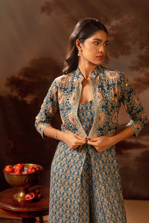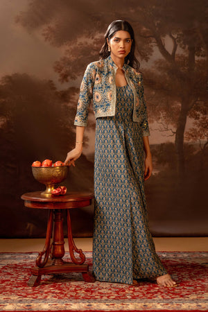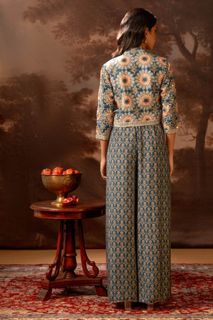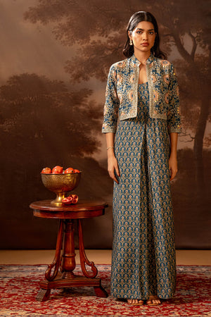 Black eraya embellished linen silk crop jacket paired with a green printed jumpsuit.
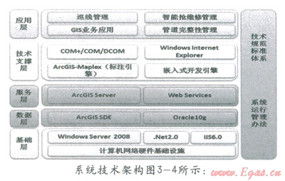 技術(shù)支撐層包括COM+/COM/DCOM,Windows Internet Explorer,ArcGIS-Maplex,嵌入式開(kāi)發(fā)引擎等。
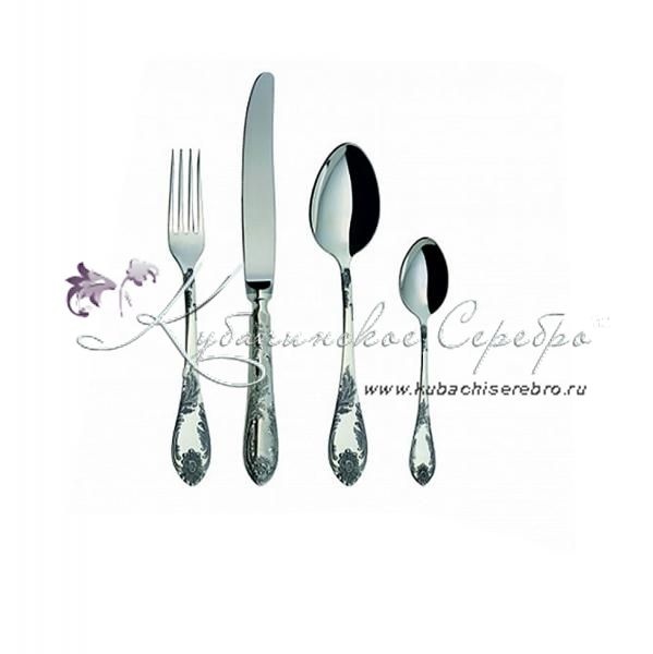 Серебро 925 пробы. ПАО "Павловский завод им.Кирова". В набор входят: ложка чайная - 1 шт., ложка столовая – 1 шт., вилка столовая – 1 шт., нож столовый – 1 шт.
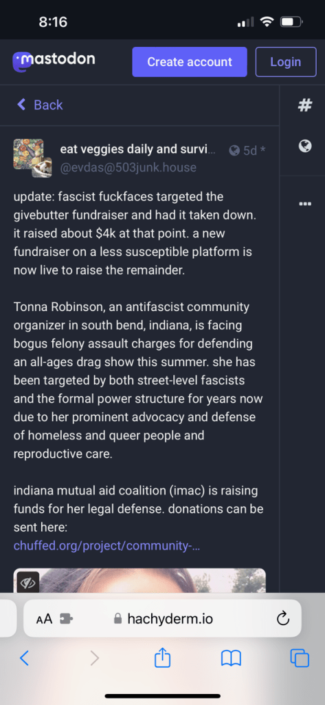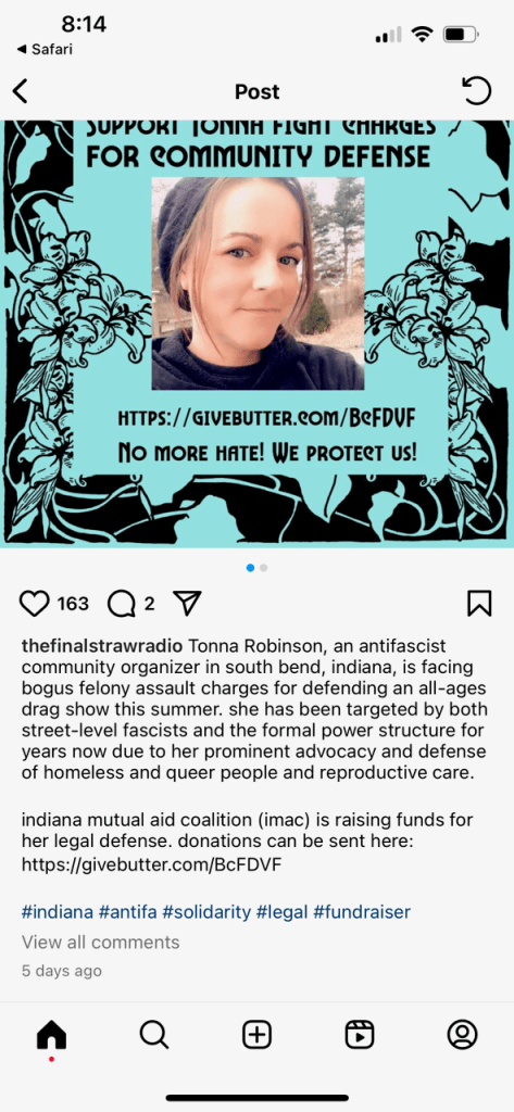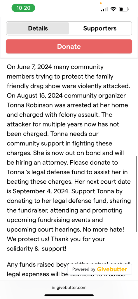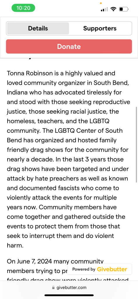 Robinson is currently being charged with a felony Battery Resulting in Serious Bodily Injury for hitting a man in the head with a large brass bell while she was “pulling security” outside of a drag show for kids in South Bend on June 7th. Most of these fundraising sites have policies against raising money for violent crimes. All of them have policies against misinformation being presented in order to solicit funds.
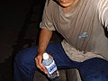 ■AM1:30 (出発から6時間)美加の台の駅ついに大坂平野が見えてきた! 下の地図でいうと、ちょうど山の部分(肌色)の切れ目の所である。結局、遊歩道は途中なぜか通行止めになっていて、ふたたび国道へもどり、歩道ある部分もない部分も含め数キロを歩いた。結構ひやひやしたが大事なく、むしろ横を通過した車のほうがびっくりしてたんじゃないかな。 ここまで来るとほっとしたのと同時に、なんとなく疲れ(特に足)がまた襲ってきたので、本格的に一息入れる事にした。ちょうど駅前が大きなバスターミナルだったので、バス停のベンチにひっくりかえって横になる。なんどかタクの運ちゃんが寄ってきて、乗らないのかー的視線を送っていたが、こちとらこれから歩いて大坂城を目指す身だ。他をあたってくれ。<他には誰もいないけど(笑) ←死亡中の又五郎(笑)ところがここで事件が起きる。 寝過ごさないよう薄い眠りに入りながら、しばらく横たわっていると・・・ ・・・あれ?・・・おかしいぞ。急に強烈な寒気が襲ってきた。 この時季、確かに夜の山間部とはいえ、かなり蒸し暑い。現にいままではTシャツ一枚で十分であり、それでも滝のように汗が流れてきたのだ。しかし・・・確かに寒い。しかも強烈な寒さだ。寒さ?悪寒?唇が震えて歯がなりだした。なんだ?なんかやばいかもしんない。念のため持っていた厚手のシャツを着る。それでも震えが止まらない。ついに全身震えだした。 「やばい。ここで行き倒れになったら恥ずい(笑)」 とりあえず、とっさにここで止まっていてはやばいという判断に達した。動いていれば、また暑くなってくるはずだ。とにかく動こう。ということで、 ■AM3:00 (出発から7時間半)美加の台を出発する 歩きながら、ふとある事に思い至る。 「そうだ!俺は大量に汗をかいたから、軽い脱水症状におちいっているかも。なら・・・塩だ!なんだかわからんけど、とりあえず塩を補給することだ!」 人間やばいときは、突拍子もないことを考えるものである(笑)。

= = = =

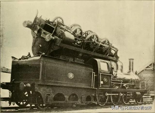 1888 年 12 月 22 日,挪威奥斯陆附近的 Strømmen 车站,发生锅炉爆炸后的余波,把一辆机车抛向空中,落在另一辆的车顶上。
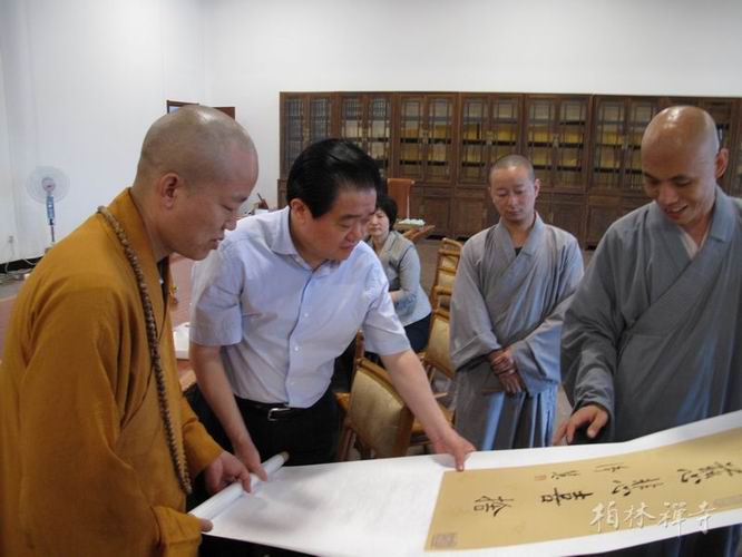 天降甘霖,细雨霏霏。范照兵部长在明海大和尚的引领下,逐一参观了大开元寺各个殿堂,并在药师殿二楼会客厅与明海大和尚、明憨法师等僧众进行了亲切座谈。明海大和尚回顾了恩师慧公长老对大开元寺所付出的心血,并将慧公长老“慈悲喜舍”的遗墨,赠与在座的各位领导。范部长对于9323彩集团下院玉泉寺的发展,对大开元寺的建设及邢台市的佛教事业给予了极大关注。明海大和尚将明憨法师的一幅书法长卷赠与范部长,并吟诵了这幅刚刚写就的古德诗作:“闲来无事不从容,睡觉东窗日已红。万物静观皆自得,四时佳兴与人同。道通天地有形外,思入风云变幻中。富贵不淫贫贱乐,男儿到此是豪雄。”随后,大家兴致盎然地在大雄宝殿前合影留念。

= = = =

Within the material above, only the stretch from the line holding "Black eraya embellished" through the line holding "Robinson is currently" is to be restated exactly. Pictures are dropped.

_Exercise response:_
 Black eraya embellished linen silk crop jacket paired with a green printed jumpsuit.
 技術(shù)支撐層包括COM+/COM/DCOM,Windows Internet Explorer,ArcGIS-Maplex,嵌入式開(kāi)發(fā)引擎等。
 Серебро 925 пробы. ПАО "Павловский завод им.Кирова". В набор входят: ложка чайная - 1 шт., ложка столовая – 1 шт., вилка столовая – 1 шт., нож столовый – 1 шт.
 Robinson is currently being charged with a felony Battery Resulting in Serious Bodily Injury for hitting a man in the head with a large brass bell while she was “pulling security” outside of a drag show for kids in South Bend on June 7th. Most of these fundraising sites have policies against raising money for violent crimes. All of them have policies against misinformation being presented in order to solicit funds.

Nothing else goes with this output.